═══ Dataset
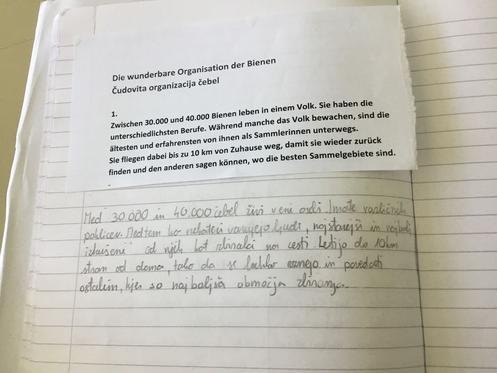3. korak: učenci dobijo besedilo filma (v nekoliko poenostavljeni obliki), razdeljeno na dele. Vsak par dobi en del nemškega besedila. S pomočjo spletnega slovarja in lastnega znanja nemščine ga učenca prevedeta v slovenščino. Priloga 2 (besedilo), priloga 3 (fotografije prevodov besedil).
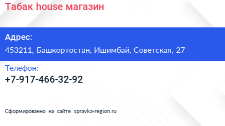 Табак house, магазин по адресу 453211, Башкортостан, Ишимбай, Советская, 27 в дальнейшем Организация, размещена в следующих категориях:
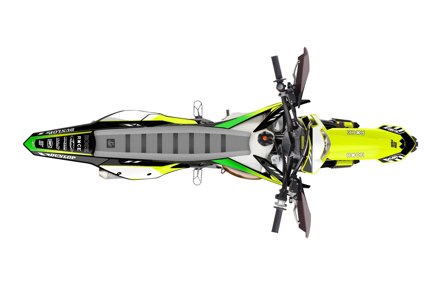 «Volt Neon» — готовый комплект графики серии Maverick для KTM Enduro Graphic Kit KTM EXC 250 2017. В комплекте: графика на бак и боковые облицовки, крылья (переднее и заднее), передний щиток, номерные таблички, защита вилки. Материал: ПВХ-винил 80 мкр с холодной ламинацией 300 мкр, общая толщина 380 мкр; покрытие глянцевое или матовое на выбор. Устойчив к UV-излучению, воде, бензину и мойке высокого давления. Клей акриловый на сольвентной основе — постоянный, для гибких пластиков. На простых поверхностях монтируется без нагрева; для сложных изгибов рекомендуем фен. Этот пресет можно заказать как есть или взять за основу в конструкторе: поменять цвета, добавить стартовый номер и свой бренд. Производство — 3–5 рабочих дней, доставка по России СДЭКом или Почтой, по СНГ — курьерскими службами.
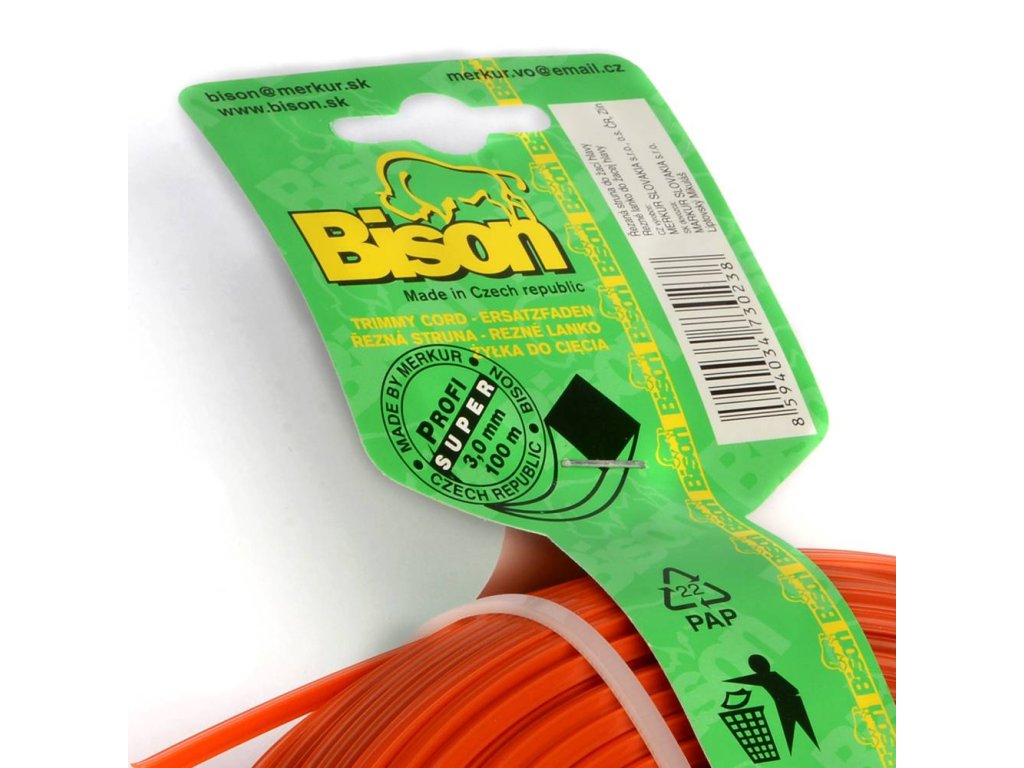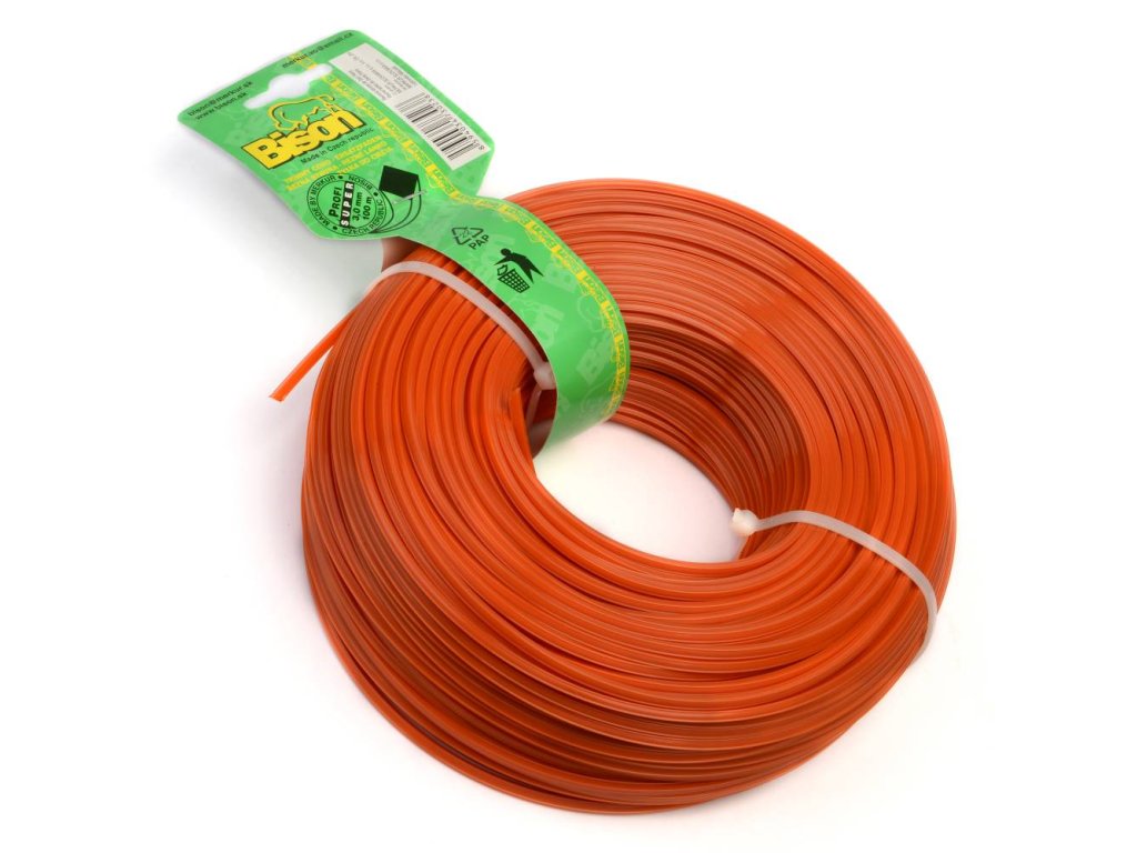 BISON SUPER PROFI je vysoce kvalitní profesionální žací struna čtvercového průřezu oranžové barvy vyrobená ze zušlechtěného kopolyamidu 6/12, materiálu s trvanlivostí vysoce převyšující prodávané silonové a standardní nylonové struny na našem trhu.
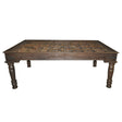 Antique Teak wood door from late 1800s has been thoughtfully repurposed to craft this unique Dining table. The maple flower indentation on the door gives a transitional look to the table making it apt for an eclectic style home. The aged distressed door is framed in solid wood cornice detail.
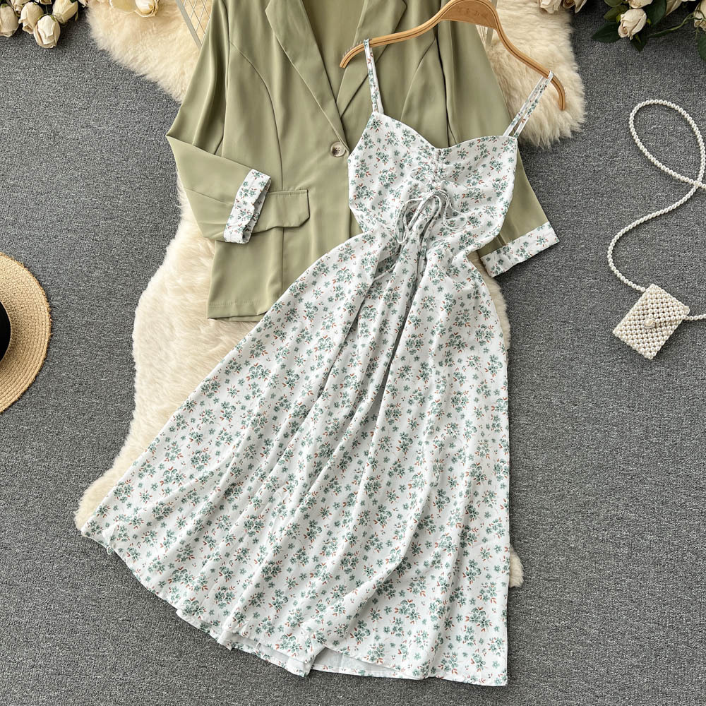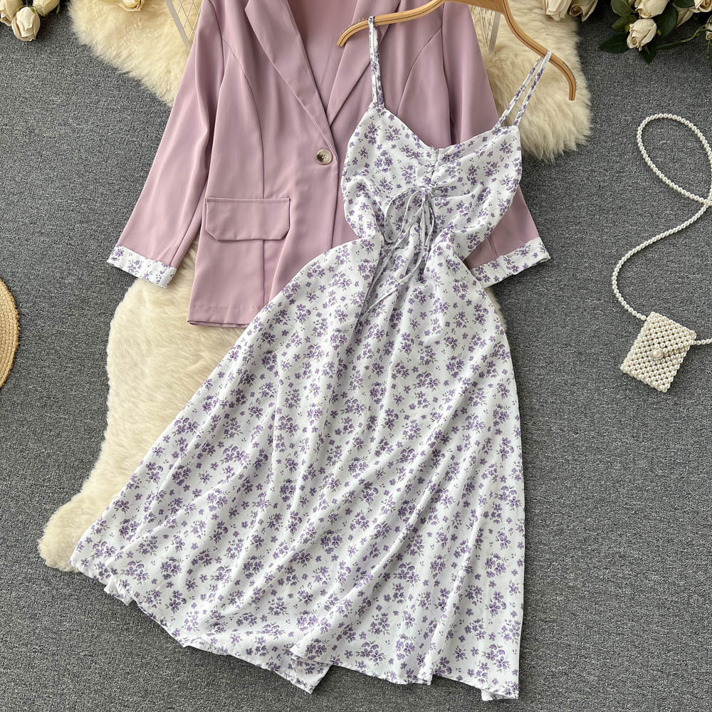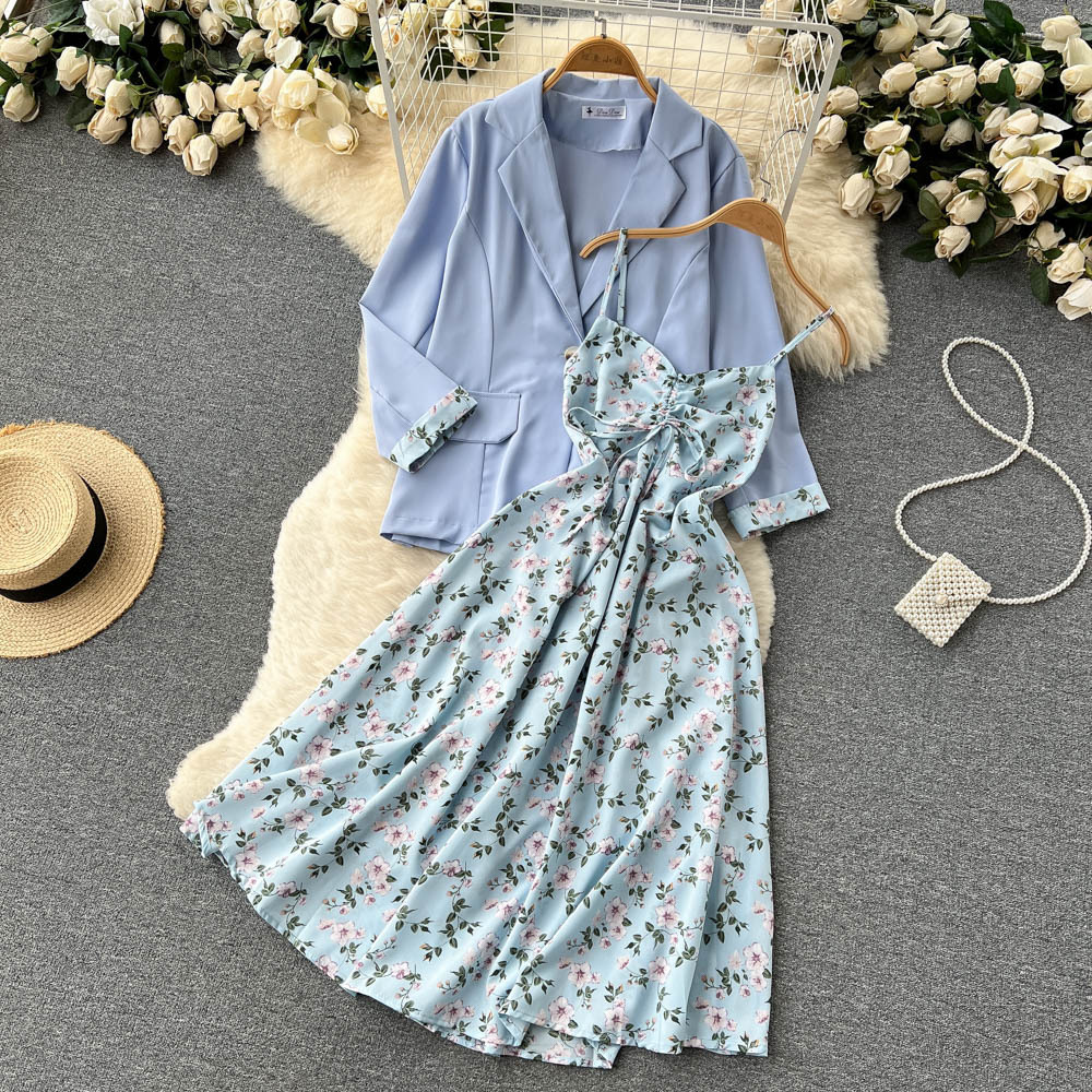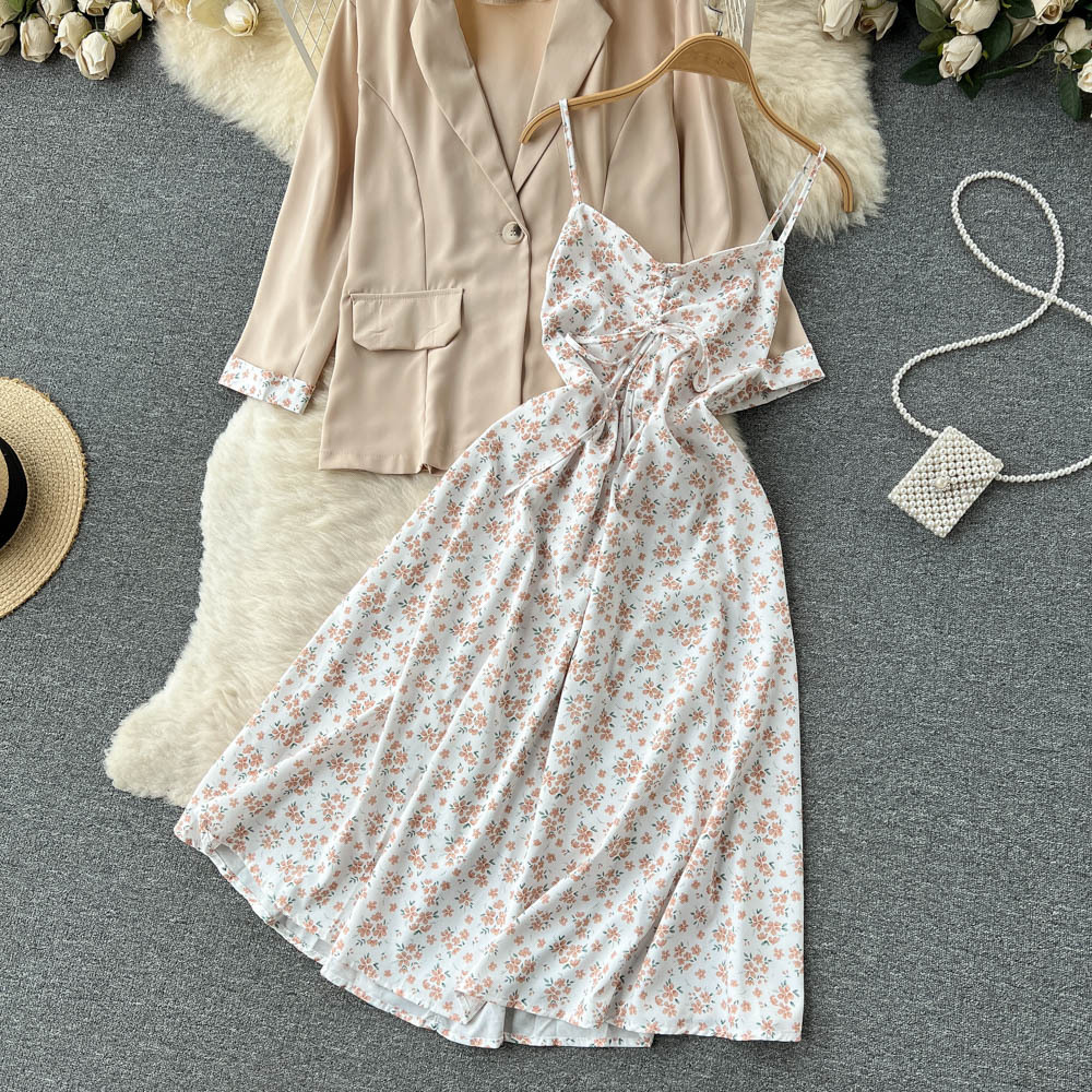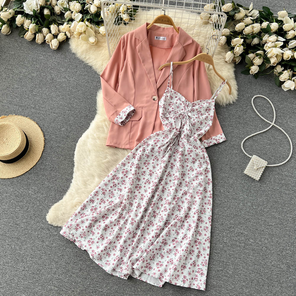 French high-end loose, sweet and salt suit women's long-sleeved suit jacket + floral fairy suspender dress
══════
Problem requirements → The lines needed are those from the one containing "Antique Teak wood" through the end of the listing, given again word for word and without any picture.

Reply to the exercise →
 Antique Teak wood door from late 1800s has been thoughtfully repurposed to craft this unique Dining table. The maple flower indentation on the door gives a transitional look to the table making it apt for an eclectic style home. The aged distressed door is framed in solid wood cornice detail.
 French high-end loose, sweet and salt suit women's long-sleeved suit jacket + floral fairy suspender dress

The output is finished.